Regeneron to begin trials for COVID-19 antibody cocktail

Biotechnology company Regeneron Pharmaceuticals said today that it is launching a series of clinical trials to test the safety and efficacy of an investigational antibody cocktail for the treatment and prevention of COVID-19.

According to a company press release, Regeneron, of Tarrytown, New York, will conduct placebo-controlled trials of REGN-COV2 at multiple sites in four different populations: hospitalized COVID-19 patients, non-hospitalized patients with COVID-19 symptoms, uninfected people in high-risk groups such as healthcare workers, and uninfected people in close contact with infected patients.

The first two trials will focus on virologic, safety, and clinical end points in hospitalized and non-hospitalized patients.

Similar to Ebola antibody cocktail

REGN-COV2 consists of two virus-neutralizing antibodies that bind non-competitively to the critical receptor binding domain of the spike protein that SARS-COV-2 (the virus that causes COVOD-19) uses to enter cells. The antibodies were selected from thousands of antibodies produced by mice that have been genetically engineered by the company to have a human-like immune system, and from patients who have recovered from COVID-19.

The hope is that the cocktail of antibodies, which mimic the type of antibodies the human immune system produces if exposed to SARS-CoV-2 or a vaccine, can both prevent and treat coronavirus infections. The company also says preclinical studies indicated that REGN-COV2 may reduce the potential for viral escape, which occurs when a virus mutates to evade the body's immune response.

"We have created a unique anti-viral antibody cocktail with the potential both to prevent and treat infection, and also to preempt viral 'escape,' a critical precaution in the midst of an ongoing global pandemic," said Regeneron president and chief scientific officer George Yancopoulos, MD, PhD. "REGN-COV2 could have a major impact on public health by slowing spread of the virus and providing a needed treatment for those already sick—and could be available much sooner than a vaccine."

The results of the preclinical studies will be published in Science next week.

The cocktail is similar to REGN-EB3, a triple-antibody drug developed by Regeneron for treating Ebola.
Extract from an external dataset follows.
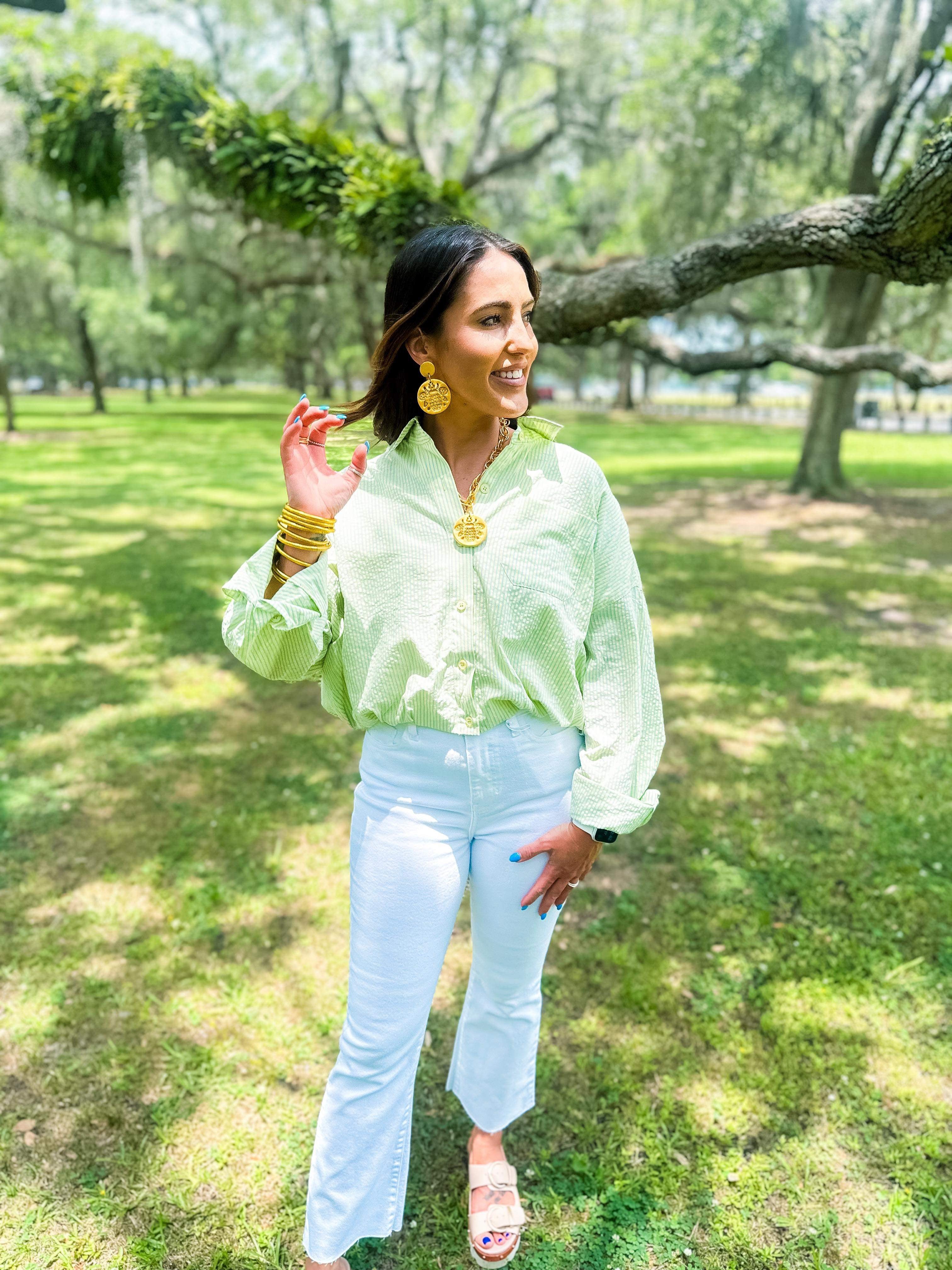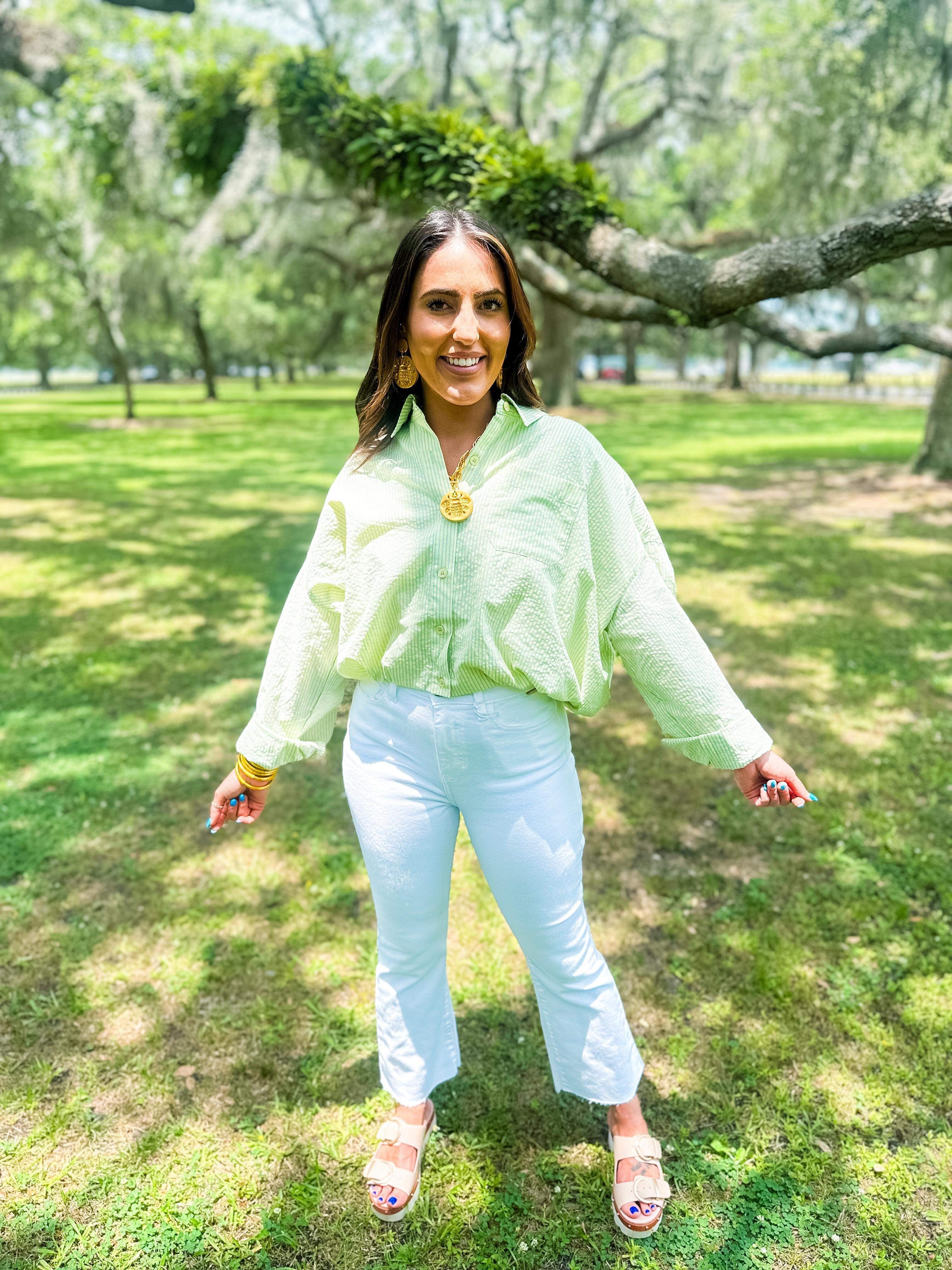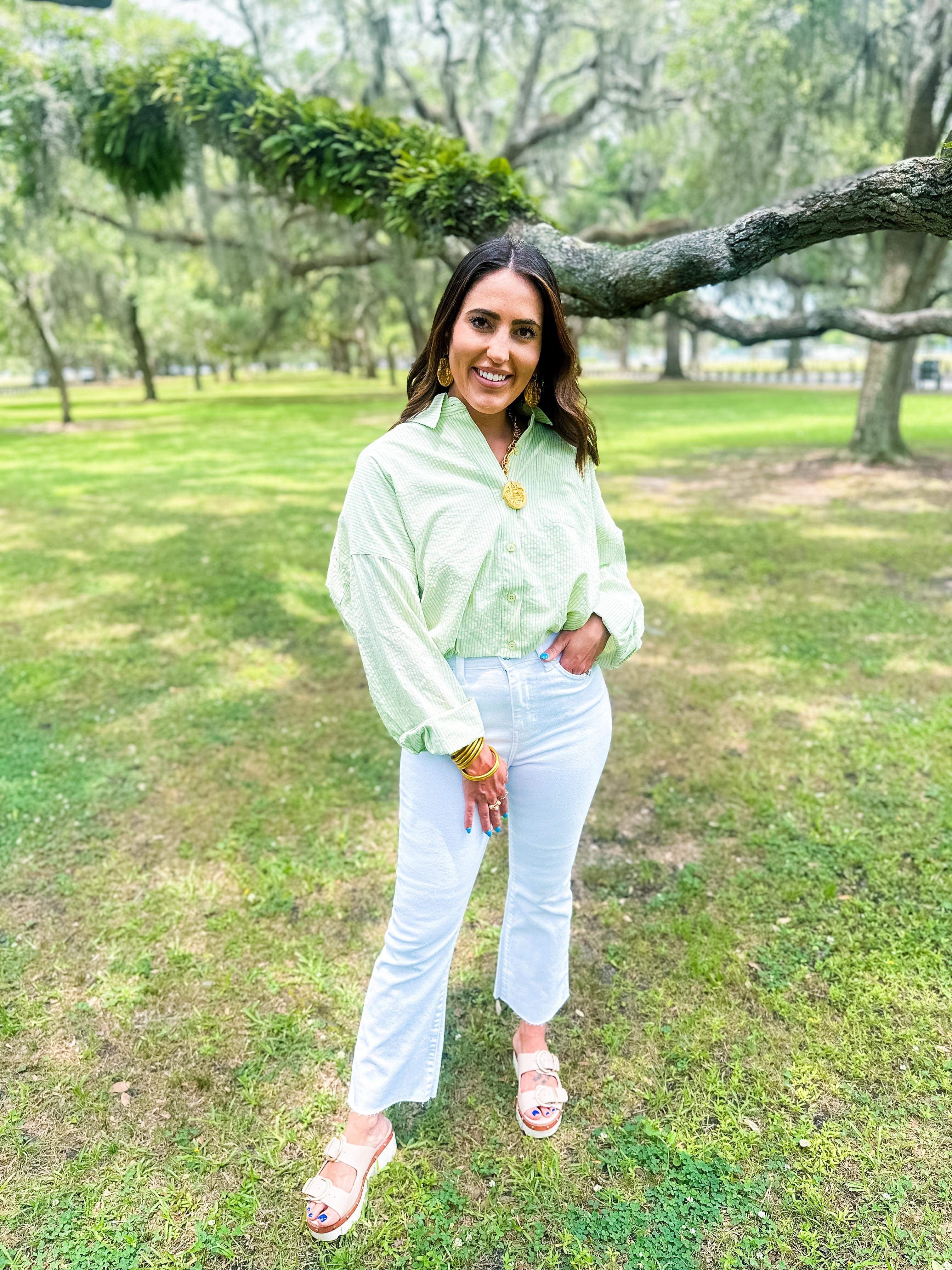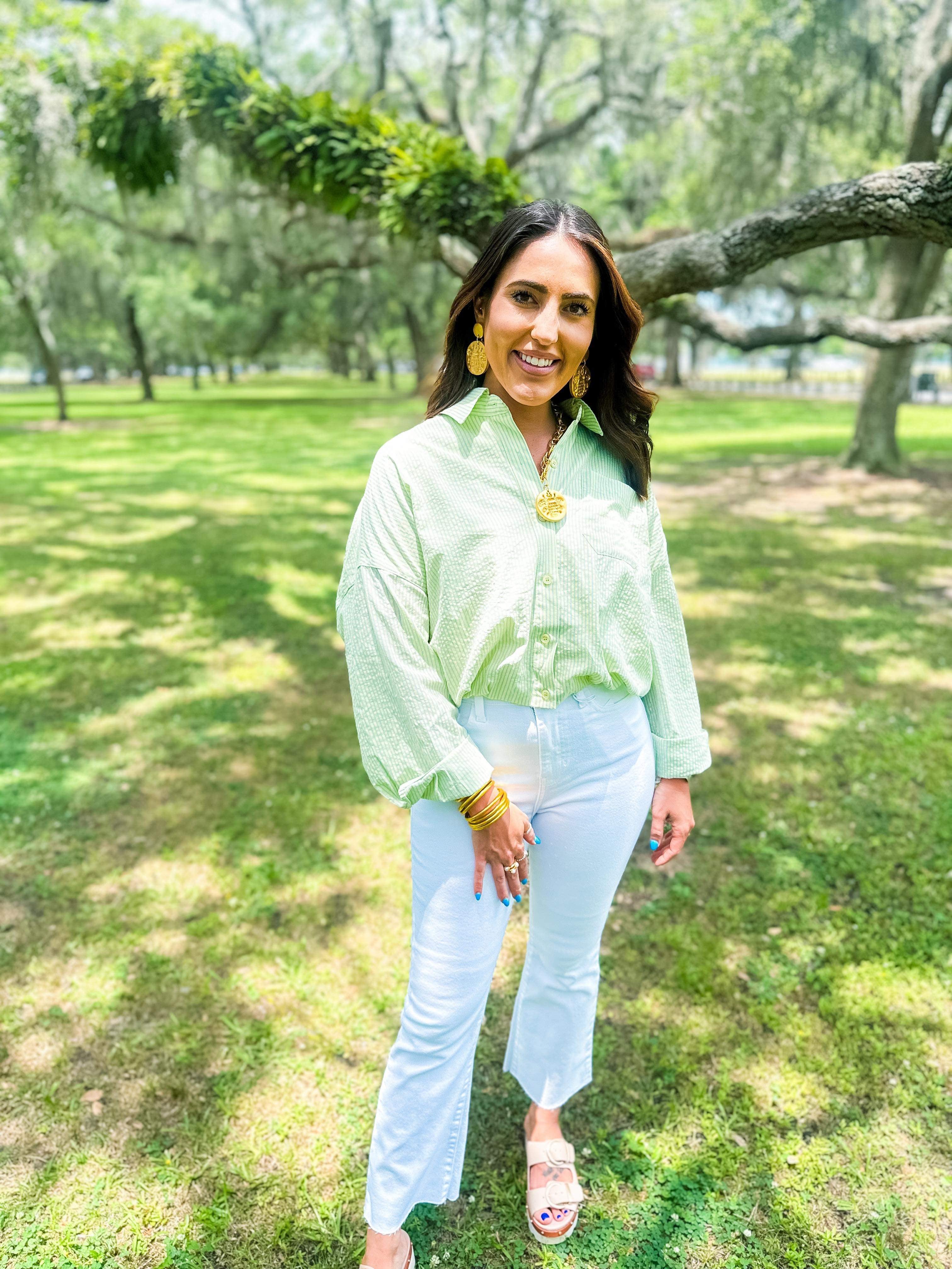 Seersucker Stripe Pocket Bubble Button Up Top- Green

The Food and Drug Administration granted priority review for REGN-EB3 in April after trials conducted in Ebola treatment centers in the Democratic Republic of the Congo found the drug was one of two that proved more effective than other options.

Regeneron received funding from the Biomedical Advanced Research and Development Authority to develop REGN-COV2.

Evaluating COVID-19 treatments in kids

In other COVID-19 drug research news, the National Institutes of Health (NIH) yesterday said researchers will begin evaluating in infants, children, and adolescents antiviral and anti-inflammatory drugs currently being used to treat COVID-19.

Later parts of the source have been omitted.